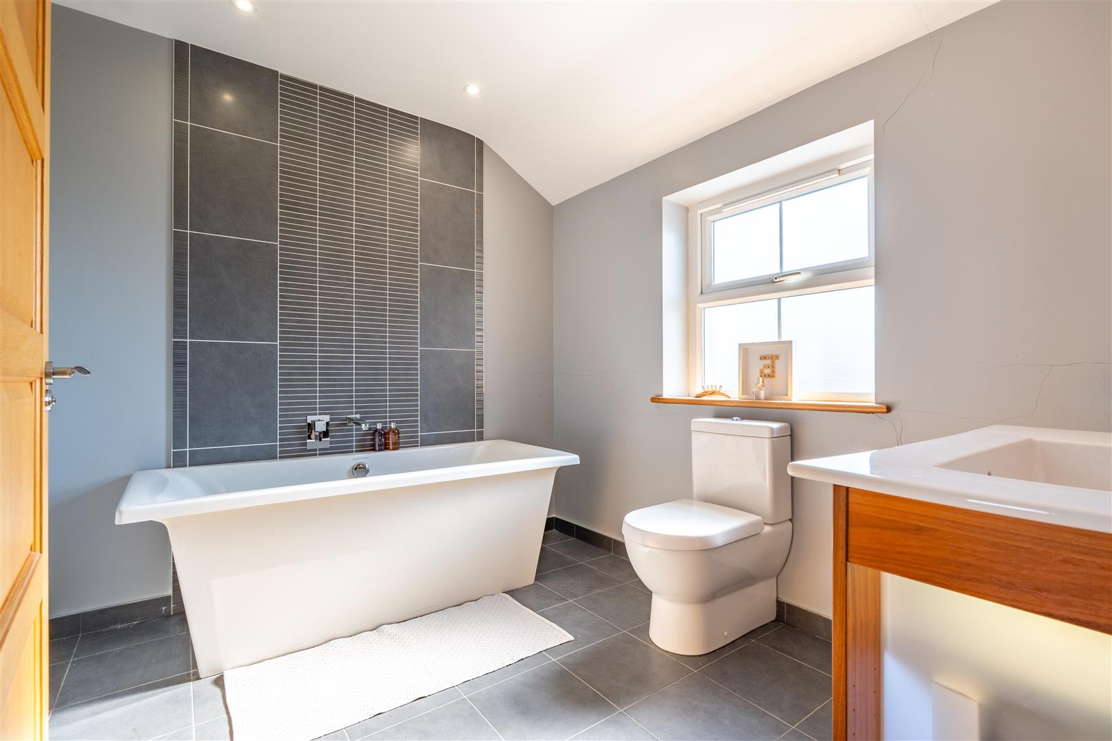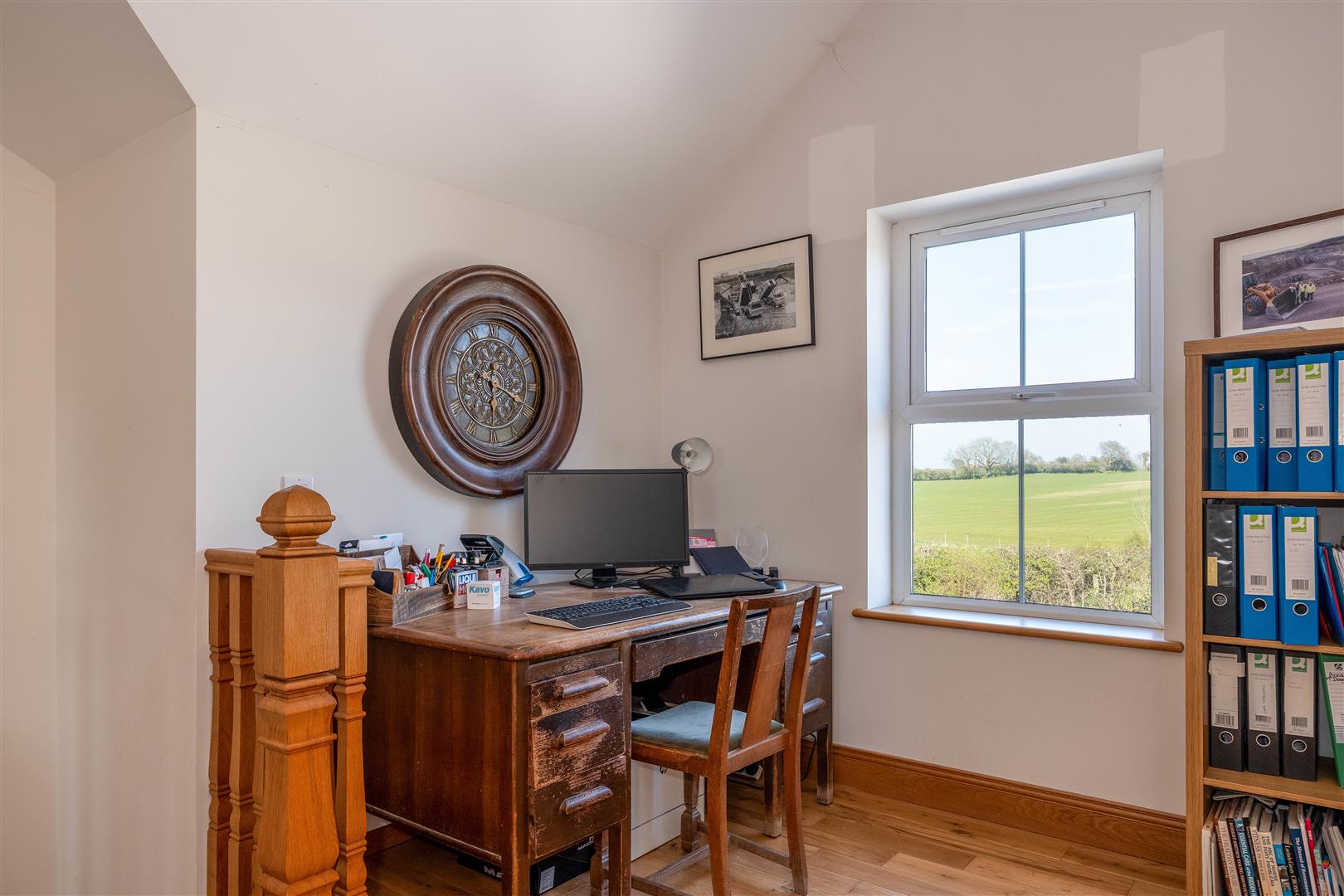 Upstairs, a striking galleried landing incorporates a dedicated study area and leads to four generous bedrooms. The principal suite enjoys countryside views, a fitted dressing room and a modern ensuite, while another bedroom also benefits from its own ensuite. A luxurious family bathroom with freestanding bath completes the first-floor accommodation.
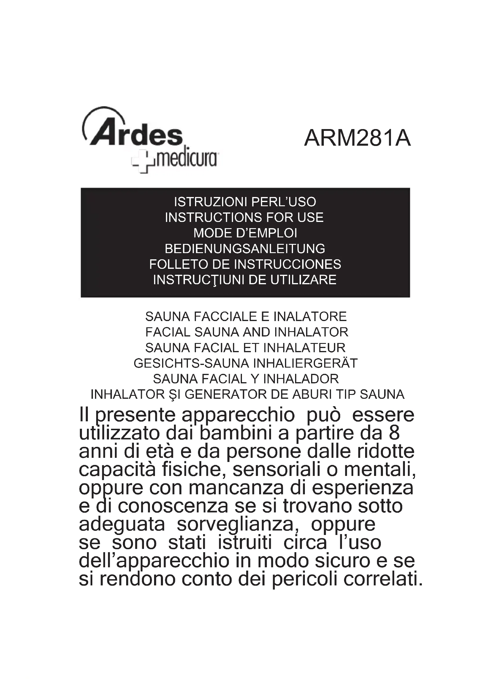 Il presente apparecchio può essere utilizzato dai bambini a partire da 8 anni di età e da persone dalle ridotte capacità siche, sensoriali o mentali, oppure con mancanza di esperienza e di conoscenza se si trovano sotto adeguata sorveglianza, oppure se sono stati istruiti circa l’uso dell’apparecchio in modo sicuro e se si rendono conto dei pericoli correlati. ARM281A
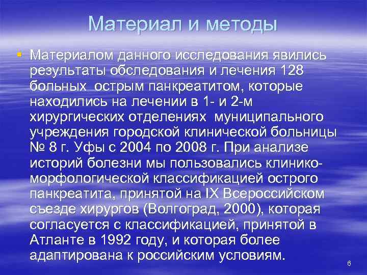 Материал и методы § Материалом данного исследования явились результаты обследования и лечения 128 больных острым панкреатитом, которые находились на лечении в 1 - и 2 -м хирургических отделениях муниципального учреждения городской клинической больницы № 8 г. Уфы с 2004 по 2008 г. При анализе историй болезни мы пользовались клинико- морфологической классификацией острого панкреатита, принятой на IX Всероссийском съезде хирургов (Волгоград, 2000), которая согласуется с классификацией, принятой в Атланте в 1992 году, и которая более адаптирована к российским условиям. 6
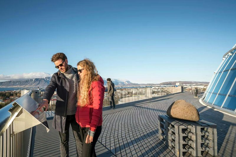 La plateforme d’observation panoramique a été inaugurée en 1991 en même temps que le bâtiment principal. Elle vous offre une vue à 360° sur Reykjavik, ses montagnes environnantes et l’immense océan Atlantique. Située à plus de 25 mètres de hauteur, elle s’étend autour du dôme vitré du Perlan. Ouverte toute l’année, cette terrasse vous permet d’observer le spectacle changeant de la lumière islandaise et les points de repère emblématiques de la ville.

---

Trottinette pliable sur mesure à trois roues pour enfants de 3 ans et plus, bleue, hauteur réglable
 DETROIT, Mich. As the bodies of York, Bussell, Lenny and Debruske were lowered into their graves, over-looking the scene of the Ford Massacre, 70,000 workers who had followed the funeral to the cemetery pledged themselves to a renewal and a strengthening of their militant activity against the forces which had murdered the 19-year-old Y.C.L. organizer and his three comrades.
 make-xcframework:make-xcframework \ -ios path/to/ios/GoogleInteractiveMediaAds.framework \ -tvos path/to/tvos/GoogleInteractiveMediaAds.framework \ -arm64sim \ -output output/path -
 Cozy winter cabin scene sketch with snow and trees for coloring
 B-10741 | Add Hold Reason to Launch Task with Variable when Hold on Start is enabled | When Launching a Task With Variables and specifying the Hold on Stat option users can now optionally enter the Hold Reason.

- **DIRECTIONS**: Only one stretch of the listing is wanted: the lines starting at the one with "Upstairs, a striking" and ending at the one with "Il presente apparecchio", copied exactly and free of pictures.

- **OUTPUT OF THE TASK**:
 Upstairs, a striking galleried landing incorporates a dedicated study area and leads to four generous bedrooms. The principal suite enjoys countryside views, a fitted dressing room and a modern ensuite, while another bedroom also benefits from its own ensuite. A luxurious family bathroom with freestanding bath completes the first-floor accommodation.
 Il presente apparecchio può essere utilizzato dai bambini a partire da 8 anni di età e da persone dalle ridotte capacità siche, sensoriali o mentali, oppure con mancanza di esperienza e di conoscenza se si trovano sotto adeguata sorveglianza, oppure se sono stati istruiti circa l’uso dell’apparecchio in modo sicuro e se si rendono conto dei pericoli correlati. ARM281A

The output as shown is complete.